Imagine if the CIA’s confirmed torturers were treated the same way Ohio kidnapper/torturer Ariel Castro has been (he faces 329 counts) . Instead, the man who exposed the CIA torture, John Kiriakou, was the only one jailed..  for betraying secrets.  See, intelligence community folks are protected by the Intelligence Identities Protection Act (2). Their privacy matters as they pretend to fight for a liberty that doesn’t actually exist. The reality? They fight for America’s corporate interests, so their right to torture is ascribed a higher calling (public interest) and goes on as per usual. When Castro does it it’s just “sick”.

If those people-corporations like Booz Allen are in fact just “people”, shouldn’t their information and movements be fair game for third party consumption like everyone else’s unless they “have something to hide”? No, leaking their practices gets you fired and potentially sentenced to death. If there are rules for culling information from citizenry, shouldn’t situations where there is too much culling or intentional abuse result in actual criminal prosecutions instead of just empty reprimands and policy reviews? No. Because these are the new nobility, our new infallible parents, telling us to do as they say and not as they do, while expecting us to be grateful for a safety and standard of living that they can’t be bothered to prove they’re responsible for.

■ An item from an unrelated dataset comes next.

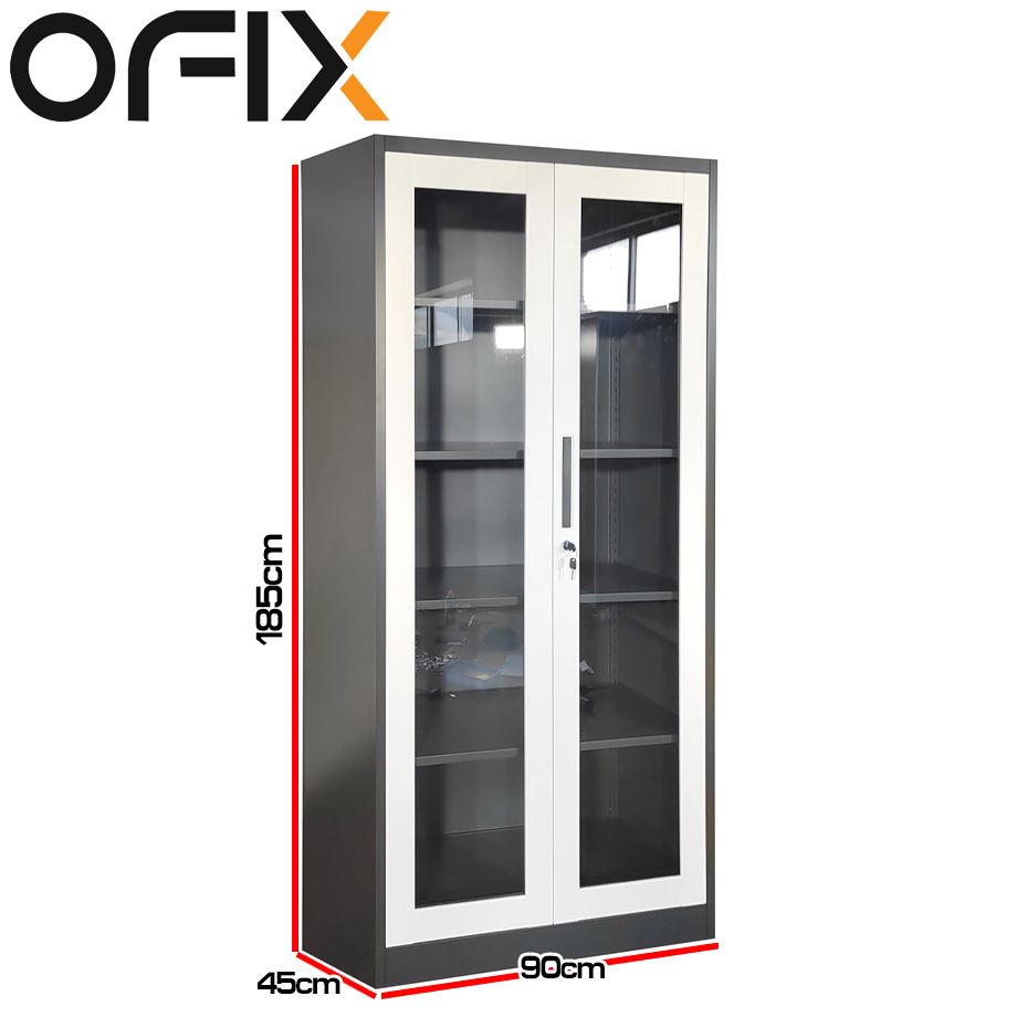 Ofix 5-Layer Glass Swing Door Steel Cabinet (Dark Grey+White, White)

Let’s be clear here, if you believe a single ranking politician who says, in the coming days, weeks, and months that they did not know the extent of the NSA’s snooping, you are the problem just as much as the partisan hacks in the entertainment industry who won’t make protest songs or TV shows treating Obama the same way they did when GW Bush put the Patriot Act into place to begin with (3)(4).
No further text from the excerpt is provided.